## Your task
As the answer, give exactly the lines of the records below from the one with "Hubo un tipo" through the one with "Âü°¡ÀÚ¸¦ ¸ðÁýÇÑ´Ù. |", ends included and pictures left out.

## Provided data
--------------------------------

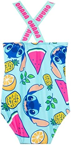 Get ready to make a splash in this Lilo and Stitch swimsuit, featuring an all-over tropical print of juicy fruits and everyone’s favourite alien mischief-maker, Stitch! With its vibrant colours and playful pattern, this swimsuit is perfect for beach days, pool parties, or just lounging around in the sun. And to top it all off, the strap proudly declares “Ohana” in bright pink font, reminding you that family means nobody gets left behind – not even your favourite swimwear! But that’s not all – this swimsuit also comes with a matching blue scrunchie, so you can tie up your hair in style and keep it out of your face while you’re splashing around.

--------------------------------

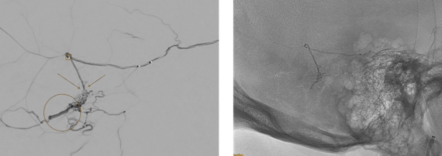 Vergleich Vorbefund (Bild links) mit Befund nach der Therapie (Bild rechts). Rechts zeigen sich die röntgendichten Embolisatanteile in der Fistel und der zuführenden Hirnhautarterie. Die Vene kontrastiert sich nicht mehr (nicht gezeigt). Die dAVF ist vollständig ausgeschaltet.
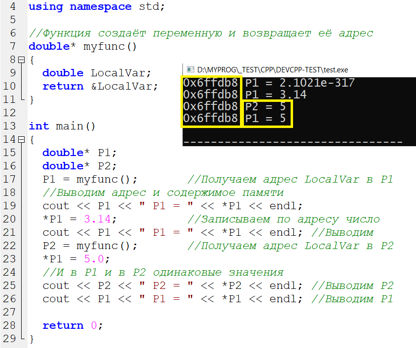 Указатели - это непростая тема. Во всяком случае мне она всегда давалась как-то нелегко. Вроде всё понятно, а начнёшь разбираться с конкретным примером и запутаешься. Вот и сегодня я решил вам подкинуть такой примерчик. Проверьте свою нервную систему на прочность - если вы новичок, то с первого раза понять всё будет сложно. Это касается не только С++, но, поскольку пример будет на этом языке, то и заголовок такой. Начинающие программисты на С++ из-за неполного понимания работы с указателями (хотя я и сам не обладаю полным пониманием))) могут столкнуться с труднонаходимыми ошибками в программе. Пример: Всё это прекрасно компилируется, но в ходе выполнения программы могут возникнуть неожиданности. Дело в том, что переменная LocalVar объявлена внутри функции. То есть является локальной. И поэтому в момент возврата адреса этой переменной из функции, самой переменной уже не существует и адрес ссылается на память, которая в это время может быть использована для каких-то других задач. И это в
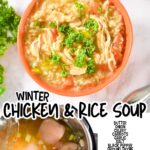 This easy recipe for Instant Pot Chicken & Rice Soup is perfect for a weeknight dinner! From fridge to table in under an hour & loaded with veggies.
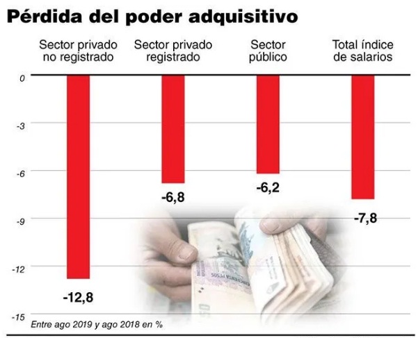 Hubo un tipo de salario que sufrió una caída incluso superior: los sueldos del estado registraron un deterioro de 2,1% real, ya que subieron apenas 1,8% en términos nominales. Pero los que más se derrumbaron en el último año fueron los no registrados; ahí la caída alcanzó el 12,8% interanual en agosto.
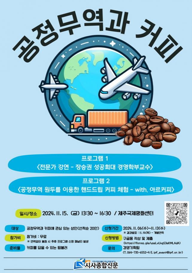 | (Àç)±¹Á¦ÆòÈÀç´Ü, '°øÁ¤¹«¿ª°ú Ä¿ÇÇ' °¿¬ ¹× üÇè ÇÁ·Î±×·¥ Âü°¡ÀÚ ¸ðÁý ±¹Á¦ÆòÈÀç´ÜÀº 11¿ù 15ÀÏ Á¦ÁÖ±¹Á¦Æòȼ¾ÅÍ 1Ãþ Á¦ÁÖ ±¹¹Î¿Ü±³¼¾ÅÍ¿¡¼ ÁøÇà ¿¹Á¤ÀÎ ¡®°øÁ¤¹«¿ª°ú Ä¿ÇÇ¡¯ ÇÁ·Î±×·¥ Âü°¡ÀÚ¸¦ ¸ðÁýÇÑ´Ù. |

--------------------------------

## Answer space
 Hubo un tipo de salario que sufrió una caída incluso superior: los sueldos del estado registraron un deterioro de 2,1% real, ya que subieron apenas 1,8% en términos nominales. Pero los que más se derrumbaron en el último año fueron los no registrados; ahí la caída alcanzó el 12,8% interanual en agosto.
 | (Àç)±¹Á¦ÆòÈÀç´Ü, '°øÁ¤¹«¿ª°ú Ä¿ÇÇ' °¿¬ ¹× üÇè ÇÁ·Î±×·¥ Âü°¡ÀÚ ¸ðÁý ±¹Á¦ÆòÈÀç´ÜÀº 11¿ù 15ÀÏ Á¦ÁÖ±¹Á¦Æòȼ¾ÅÍ 1Ãþ Á¦ÁÖ ±¹¹Î¿Ü±³¼¾ÅÍ¿¡¼ ÁøÇà ¿¹Á¤ÀÎ ¡®°øÁ¤¹«¿ª°ú Ä¿ÇÇ¡¯ ÇÁ·Î±×·¥ Âü°¡ÀÚ¸¦ ¸ðÁýÇÑ´Ù. |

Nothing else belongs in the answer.